Anyone have a different order?

No, the film rights to Spider-Man belong to a different company. Likewise for the Fantastic Four.

And X-Men, I believe.

Thor, Cap, Iron Man, Hulk, Avengers, etc all belong to Disney. FOX has X-Men and the F4, and Sony has Spider-Man.

I’m not sure who has Blade, Ghost Rider, DareDevil, Punisher, et al.

Somebody who has fired their negotiators and lawyers, probably. :stuck_out_tongue:

Blade: Marvel.

Ghost Rider: Marvel, apparently, but the issue may yet be in dispute.

Daredevil: Regency and Fox, though if the current reboot efforts fall through, back to Marvel.

Punisher: Marvel.

At least that’s what a quick check reveals. It looks like Marvel, now with Disney backing, wants all its characters to come home. I have to admit feeling vaguely intrigued by the idea of, say, two or three Marvel movies a year from a single studio (or through strict arrangements with other studios) that all take place in a common universe and can have frequent character crossovers.
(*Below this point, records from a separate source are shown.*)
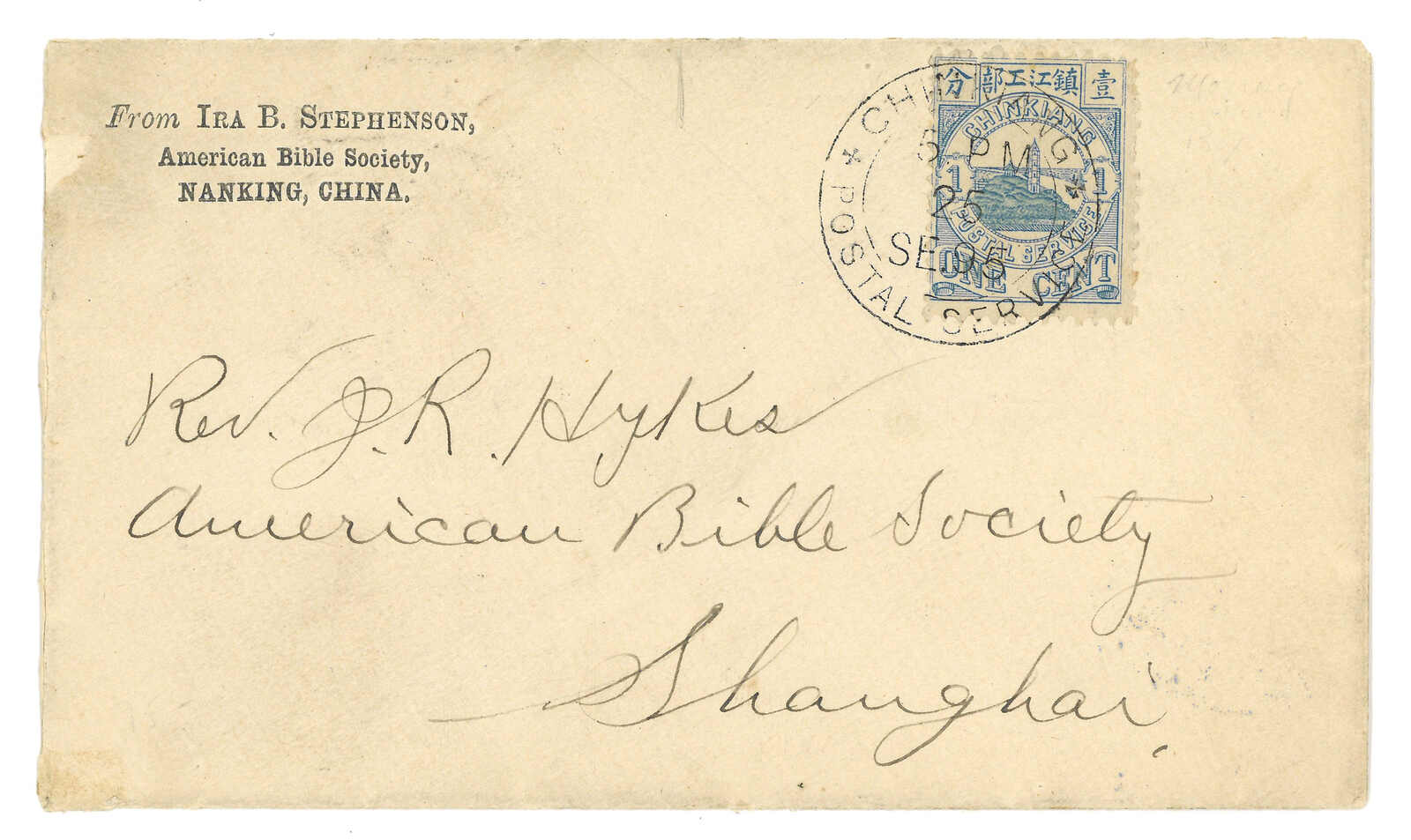 1895.9.25 美國聖經協會自南京經鎮江書信館寄上海,貼鎮江書信館第一版1分,銷鎮江郵政服務英文日戳。9.26抵上海工部郵局。(Image 1) (Image 2)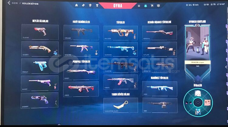3 VANDAL 3 PHANTOM SKİN VAR DİĞER SİLAHLARDA BP SKİNLERİ VAR 63 SEVİYE HESAPASİL KARAMBİT,GAİA VANDAL,AEMONDER,IŞIK MUHAFIZI. PHANTOMDA, KAOS,PONCİK ECEL VE ASİL VARTEMİZİNDEN ÖMÜR BOYU KULLAN(PAZARLIK YAPILIR)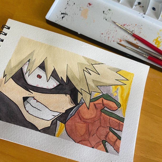今日コンビニでヒロアカのフィギュア見つけて買ったけど、オールマイトとお茶子ちゃんが当たったのね! すごい嬉しいんだけど、かっちゃんも欲しかった😭 買えただけ嬉しいんだけどね!! #僕のヒーローアカデミア #爆豪勝己 #かっちゃん #手書きイラスト #水彩画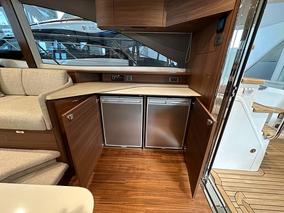 Optional flybridge wetbar incorporating sink, electric griddle/BBQ, waste bin and top loading coolbox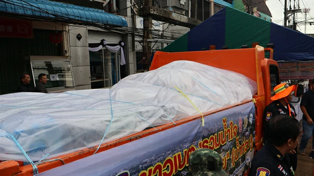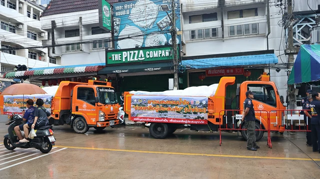 หลังจากได้สิ่งของที่รับบริจาคมาแล้ว ทางเจ้าหน้าที่ก็จะดำเนินการนำสิ่งของต่างๆ มาบรรจุแยกเป็นถุงยังชีพ ซึ่งภายในก็จะมีสิ่งของจำเป็นต่างๆ อาทิ ข้าวสาร ปลากระป๋อง มาม่า ขนมนมเนย ยารักษาโรค ก่อนที่จะนำไปมอบให้ผู้ประสบภัยน้ำท่วม ซึ่งในวันนี้ขบวนรถจะนำถุงยังชีพไปมอบให้กับมูลนิธิแม่กอเหนี่ยวยะลา และมูลนิธิแม่ทับทิม เพื่อนำไปมอบให้ผู้ประสบภัยน้ำท่วมในจังหวัดยะลา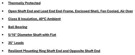 • Open Shaft End and Lead End End-Frame, Enclosed Shell, Fan Cooled, Air Over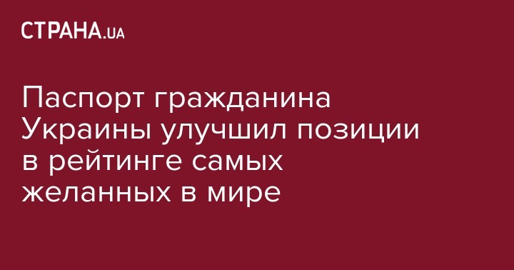 Украину выделяют среди пяти государств, которые значительно улучшили свои позиции по сравнению с прошлым годом. В первую пятерку рейтинга вошли Люксембург, Ирландия, Швейцария, Португалия и Швеция. Россия оказалась на 87-м месте, Беларусь – на 127-м, Молдова – на 90-е, Грузия – 96-е. Паспорт США – на 35-м месте. Замыкают список Ливия, Йемен, Эритрея, Ирак и Афганистан.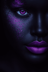 “Glowing purple eyes and lips shining with cosmic elegance.” #PurpleAura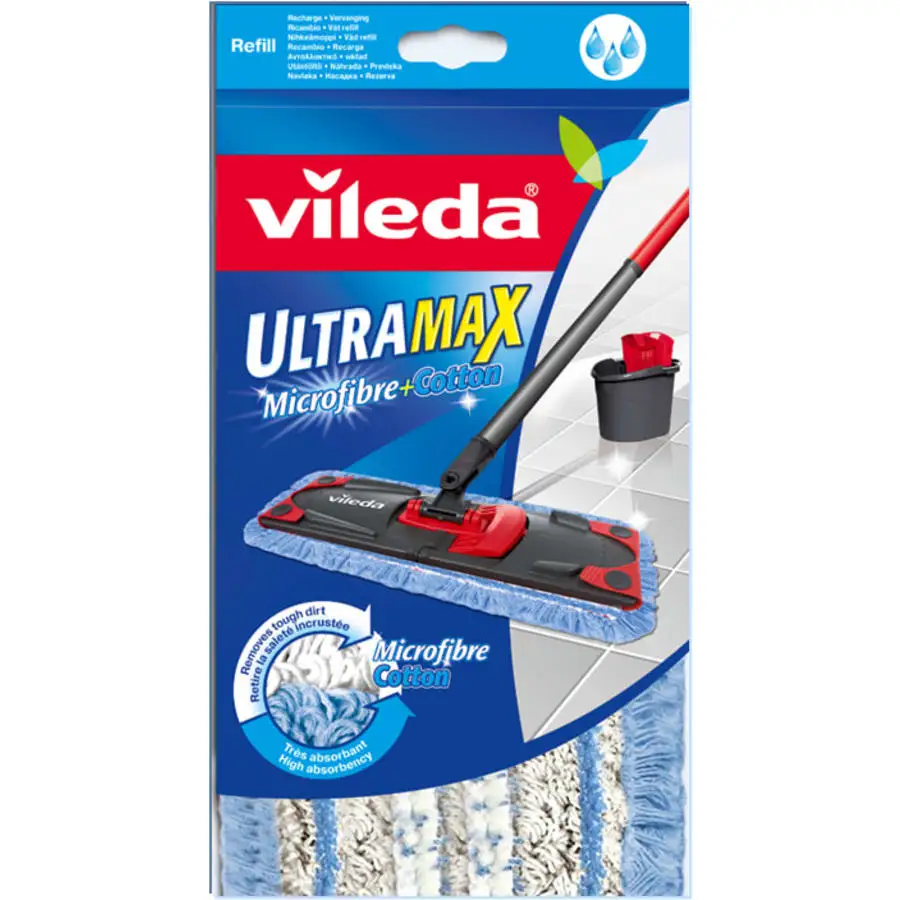 Ersättningsmoppe av mikrofiber + bomull för Vileda UltraMax plattramsmopp. Lämplig för fuktig och våt rengöring av vattentäta material, klinker och plastmatta. Ersättningsmoppen är gjord av mikrofiber, som lätt rengör envis smuts, och mycket absorberande bomull. Moppens öglor samlar damm och smuts. Ersättningsmoppen UltraMax Microfibre&Cotto är lämplig för Vileda UltraMax arkramsmoppen och Vileda 1-2 Spray färdig att använda moppen. Maskintvätt: 60°C, ingen sköljmedel eller torktumlare.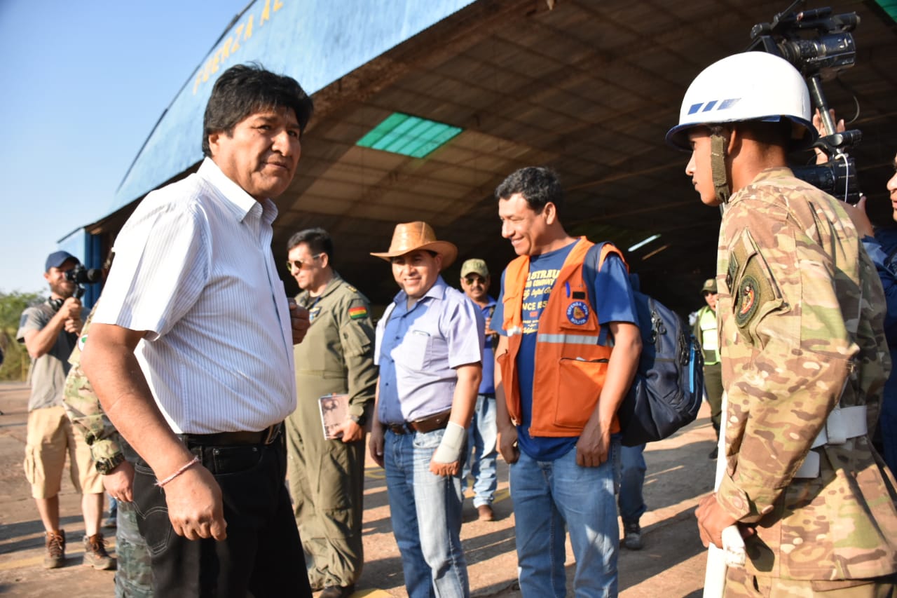 Bomberos pidió al presidente Evo Morales operar también en Charagua. El Presidente dijo también que hay lugares inaccesibles y donde el fuego es incontrolable. “Ahí solo con aviones y helicópteros”, se puede llegar.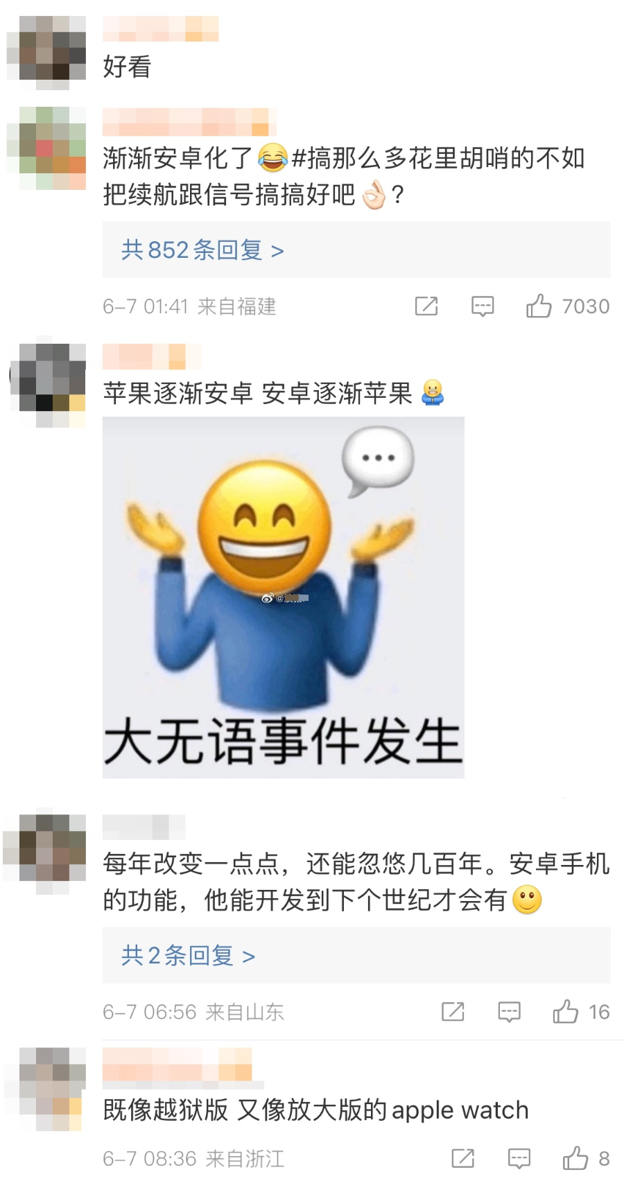 苹果表示,这是“史上最大”锁屏升级。但从网友的反响来看,有人夸“好看”,也有人说“越改越像安卓了”。

It is indeed extremely different. AFAICT, Norton’s Hulk movie was an Ed Norton movie guest-starring the Hulk – like most of his projects, it was a film exploring how one man reacted to the destructive impulses within himself, and how he coped with the pieces of the outside world that brought out the rage. That kind of thing requires you to spend a lot of time in the protagonist’s head, which they simply couldn’t have done in an ensemble film. Ruffalo’s version seems to have come to some sort of tentative agreement with the Other Guy, and his character interaction is with the outside world that threatens to knock him off balance. I think it works a lot better in a film where most of the point is to watch the characters bounce off each other, in some cases literally. :smiley:

For bonus amusement, I went and watched a lot of the press stuff the cast did for the Avengers movie. I’m not sure I would have thought to call Ruffalo for Banner on the basis of other roles I’ve seen him in – he’s generally very good, though very different, and a knack for accents makes him difficult to recognize at times – but it makes more sense when you see him speak as himself. Banner’s slightly off-kilter sarcasm is pretty much his own personality, with the volume turned down by about half. He’s the quietest in the lineup, and only now seems to be getting over being surprised every time someone directs a question at him.